Microtremor is a low amplitude (in the order of micrometres) ambient vibration of the ground caused by man-made or atmospheric disturbances. The term Ambient Vibrations is now preferred to talk about this phenomenon. Observation of microtremors can give useful information on dynamic properties of the site such as predominant period and amplitude. Microtremor observations are easy to perform, inexpensive and can be applied to places with low seismicity as well, hence, microtremor measurements can be used conveniently for seismic microzonation. More detailed information on the shear wave velocity profile of the site can be obtained from microtremor array observation.

== History ==
After the pioneering work by Kannai and Tanaka, many researchers have investigated the applicability and reliability of the microtremor method. The major drawback of the method proposed by Kannai and Tanaka was that they considered the Fourier spectra of observed horizontal motions to reflect the transfer function of the surface. It has now been established that the horizontal microtremor spectra often show the characteristics of the source rather than the transfer function of a site.

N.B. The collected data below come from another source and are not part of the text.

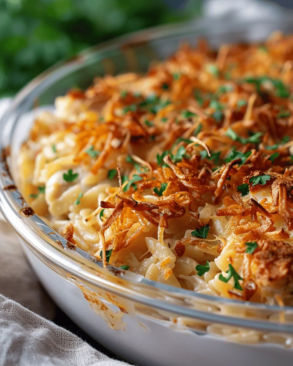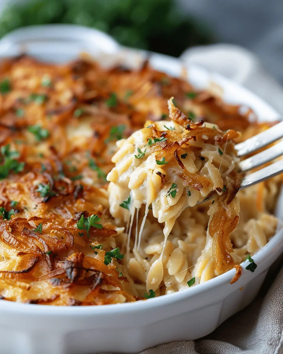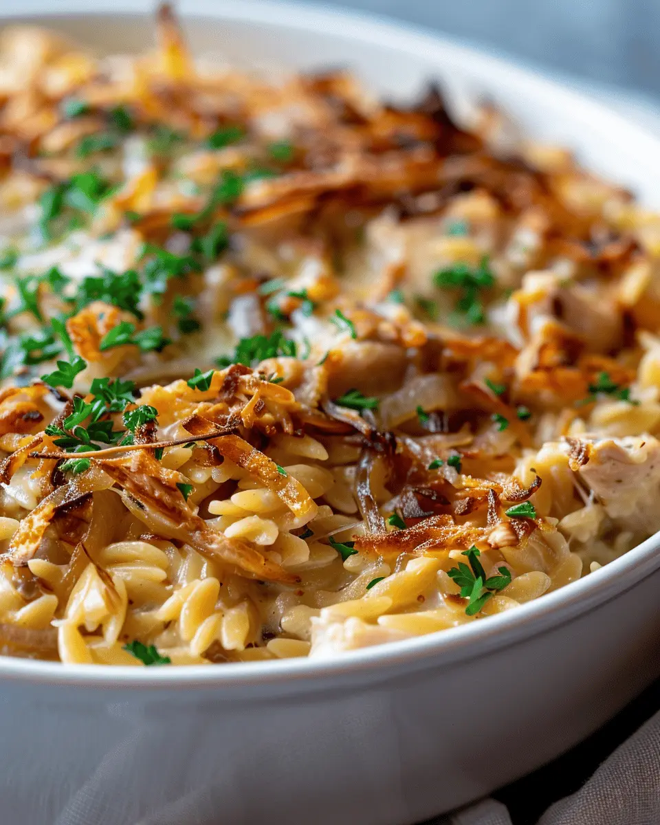 PrintFrench Onion Chicken Orzo Casserole: A Cozy Comfort Dish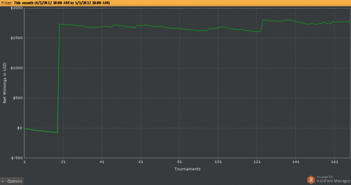 Откатал на этой неделе 102 турнира, мог больше, но опять были проблемы с интернетом. Сегодня сессия получилась плюсовой, но самой обидной. Во всех килополянах прошёл очень далеко, повылетал в топ 100-200, вышел на финалку в 5.5 1000сар, вылетел шестым. Фиш вколил два банка по флопу с флешдро и переехал моих тузов. в итоге только отбил минус за неделю. всего вроде +25 баксов с момента последнего заноса. И ещё выкинул в одной раздаче фулл-хаус на ривере. Если найду её выложу.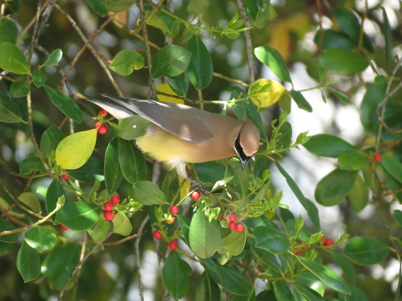 Around Campus I ran into quite a flock of Cedar Waxwings while walking out to my car one afternoon. I just happened to have my camera on me. The Mockingbird was none-to-thrilled about the visitors.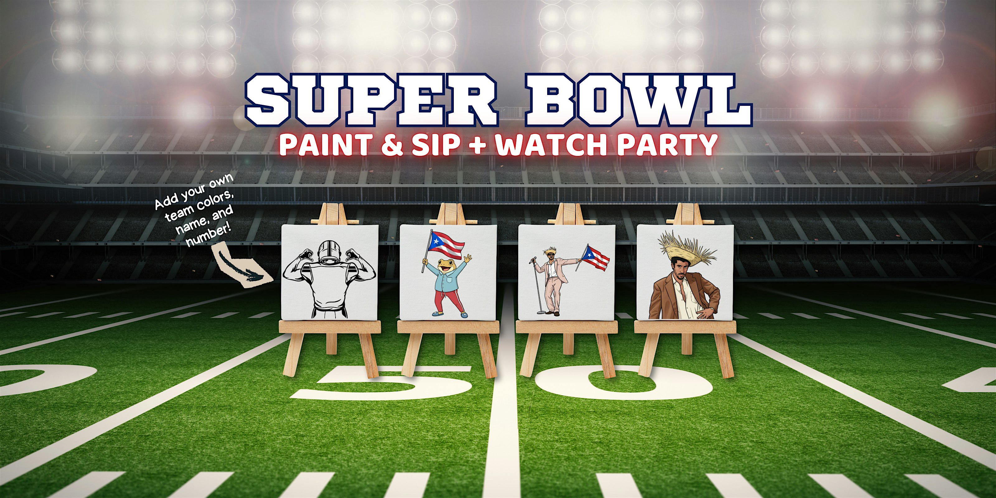 Pre-lined canvas: paint your favorite football team, Bad Bunny or El Sapo Concho with ease and at your own leisure. Perfect for beginners or a great foundation for advanced artists! Includes one themed drink.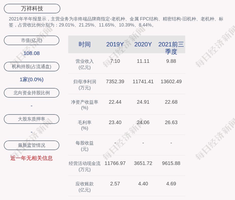 2021年半年报显示,万祥科技的主营业务为非终端品牌商指定-老机种、金属+FPC结构、精密结构-旧机种、老机种、标签,占营收比例分别为:29.01%、21.25%、11.65%、10.39%、8.44%。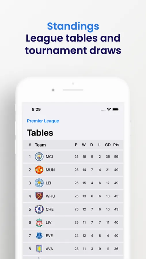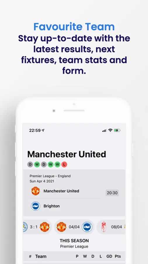 Select your favourite team and stay up-to-date with the latest results, next fixtures, team stats and form.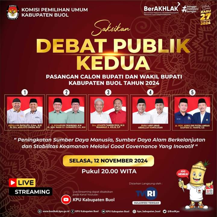 Debat Publik ke Dua bagi Pasangan Calon (Paslon) Bupati dan Wakil Bupati Buol pada putaran Pemilihan Kepala Daerah (PILKADA) serentak 2024.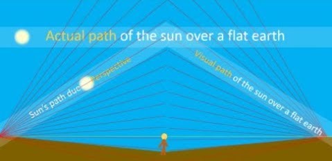So Scott sent me a video which tries to explain that the sun “setting” is an illusion based on perspective. It’s pretty simple- if you’ve ever watched a plane fly overhead, you will notice that as it approaches, it starts out low in your field of vision and then appears to get HIGHER until it is over you, and then appears to get LOWER as it disappears toward the horizon- but it’s staying the same distance from the ground. The sun does the same thing (so the theory goes) and since this is what we observe when a plane at a constant and fairly close distance moves overhead, so it proves that the sun is also moving at a constant distance over us and only APPEARING to get higher and lower.
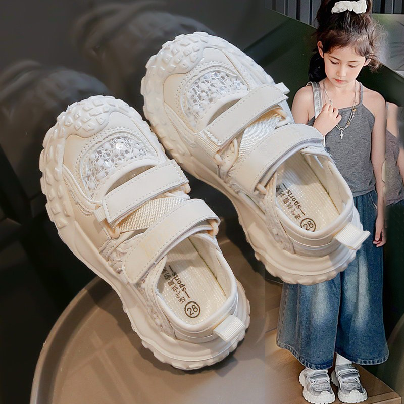 女童鞋网面运动鞋包头凉鞋2026夏季新款中大童软底时尚单网老爹鞋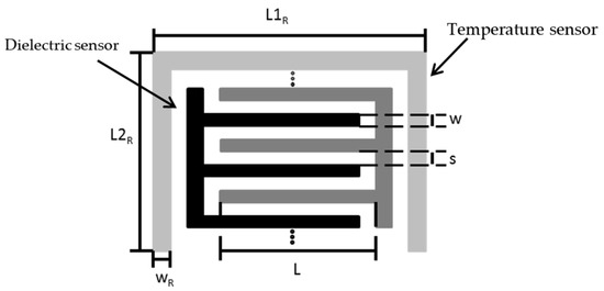 Schematic of the sensor (top view). The interdigital structure in the middle consists of N = 150 electrodes with width w = 10 µm and spacing s = 10 µm. The length is L = 6 mm. The resistive structure has a total length of and a width of 40 µm.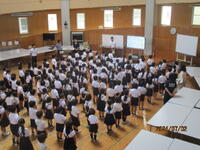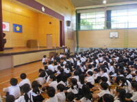 ようやく体育館で集会や始期ができる気温になってきました。久しぶりに全校児童が集まり、前期の終業式と後期の始業式を行いました。昨年度から「無言入退場」に取り組んでいますが、ほぼ、指導の必要がなくなりました。静かに移動して、先に体育館に入った学級は静かに待っています。始業式の日に特に際立っていたのは4年生です。入場も良かったけれど、体育館で「待つ」姿勢が素晴らしかったです。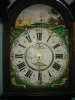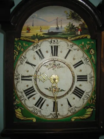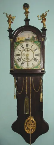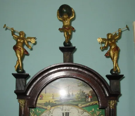 These clocks are sometimes called "Tail clocks or Hood clocks" In the arch of the hood we have a dutch landscape with sailing boats and Dutch genre. The four corners of the dial are painted with flowers and horns of plenty. The case is solid oak and the hood is adorned with Atlas as a central ornament flanked by angel trumpeters. They are made of wood, painted and gilt. The beautiful white dial has a typical dutch chapter ring with roman numerals, and outer 5 minute increments. The alarm dial is centered in the dial also. Heavy brass hands are original and fancy. The clock runs one day, striking the hours and half hour on a bell. The pendulum is enclosed inside the tail of the case and is seen through the decorative brass aperture . This brass ornament displays a basket of flowers, birds and a sun. The weights are encased in brass. In the pictures given it shows a decorative way to hang the chains on the clock if desired. An original key stabalizes the lower part of case , until it needs to be lowered to access the pendulum. Height: 57 inches (145cm) Width: 16 inches (41cm)-across the tail Depth: of hood: 8 (20cm )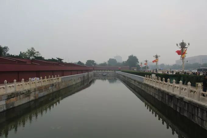 於是天安門前就出現了一條長數百米, 寬10多米的護城河,河上架設了七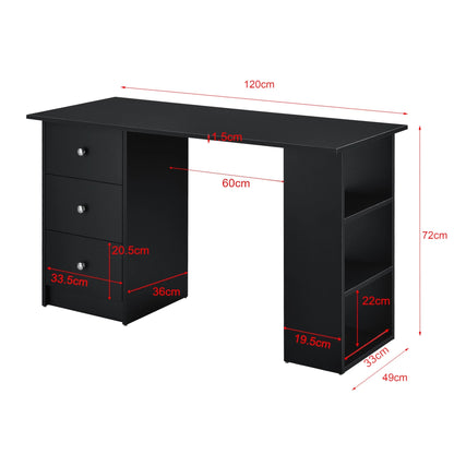 In And OutdoorMatch Bureau Milan - Met 3 Laden - 120x49x72 cm - Zwart - Spaanplaat - Stijlvol Design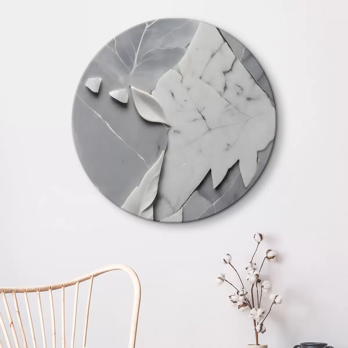Tableaux rondes Surface en marbre blanc et gris avec des feuilles Nr r38272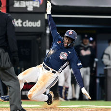 2026.04.10 23: 10김민석 적시타에 득점 올리는 카메론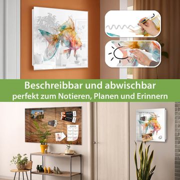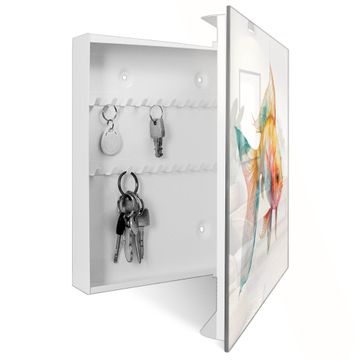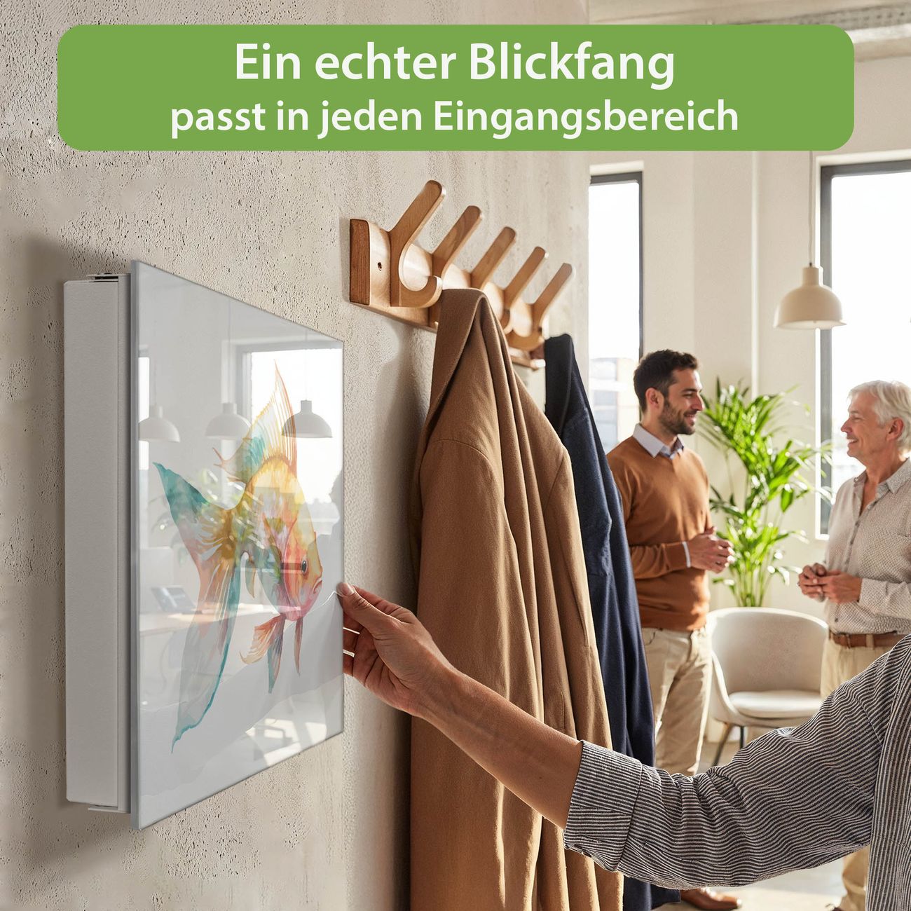 Bringe Ordnung und Eleganz in deinen Eingangsbereich mit dem banjado Schlüsselkasten Motiv Motiv Farbenfroher Goldfisch. Die moderne Schlüsselbox kombiniert funktionales Design mit hochwertiger Verarbeitung und wird so zu einem echten Hingucker in Flur, Büro oder Ferienwohnung. ✅ Stilvolle Schlüsselaufbewahrung mit Glasfront im Motiv Motiv Farbenfroher Goldfisch Der Design-Schlüsselkasten Motiv Motiv Farbenfroher Goldfisch bietet Platz für bis zu 50 Schlüssel, die auf 5 stabilen Reihen mit je 10 Haken übersichtlich verstaut werden. Mit seinen kompakten Maßen von 30 x 30 x 5 cm passt die Schlüsselbox perfekt auch in kleinere Räume. Der weiß lackierte Stahlkorpus mit rechts angeschlagenem Türscharnier harmoniert mit der Glasfront und fügt sich nahtlos in jedes Wohnambiente ein. Ob als Schlüsselorganizer für Zuhause oder als praktische Lösung für Büros, Praxen und Gewerbe, der banjado Schlüsselkasten sorgt für Ordnung und Übersicht. Dank der magnetischen, mit Kreidestiften beschreibbaren Glasfront kannst du Notizen anheften oder Termine direkt auf der Oberfläche festhalten. Die Schlüsselbox Motiv Motiv Farbenfroher Goldfisch zur Wandmontage wird inklusive Befestigungsmaterial geliefert und ist schnell angebracht. So hast du deine Schlüssel jederzeit griffbereit und zugleich stilvoll verstaut. Mit diesem banjado Schlüsselkasten Motiv Motiv Farbenfroher Goldfisch kombinierst du praktische Aufbewahrung mit stilvollem Wohndesign. Ob privat oder geschäftlich, die Schlüsselbox sorgt für mehr Ordnung, Übersicht und ein wohnliches Ambiente.Vorteile im Überblick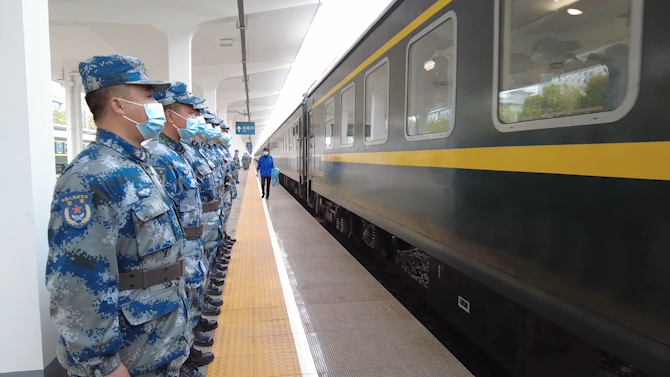 列车缓缓驶入站台,在车站工作人员的协助下,新兵班长们有序引导新战士下车列队。
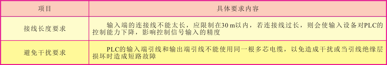 PLC一般使用限位开关、按钮等进行控制,输入端常与外部传感器连接,在对PLC输入端的接口进行接线时,应符合PLC输入端的接线要求,见表4-2。

Yukta Nakamura in 1989, modified microtremor analysis by proposing a new technique, generally referred to as the H/V method. In this technique, it was shown that the source effect can be minimized by normalizing the horizontal spectral amplitude with the vertical spectral amplitude. Assuming that the shear wave dominates the microtremor, Nakamura indicated that the horizontal-to-vertical (H/V) spectral ratio of microtremors at a site roughly equals the S wave transfer function between the ground surface and bedrock at
a site. This means that the H/V peak period and peak value itself correspond to the natural site period and amplification factor respectively. This method does not require any boreholes and is, hence, more convenient and inexpensive compared to the traditional borehole method. This method is now widely used for microtremor observation although it lacks a clear theoretical background. Lermo and Chavez-Garcia showed the applicability of Nakamura's method of microtremor in site effect prediction. However, it was found true only for the fundamental resonance peak of the transfer function. The results supported the idea that Nakamura's technique effectively compensated for the site effects.

Another technique which known as refraction microtremor is also widely used in earth sciences today.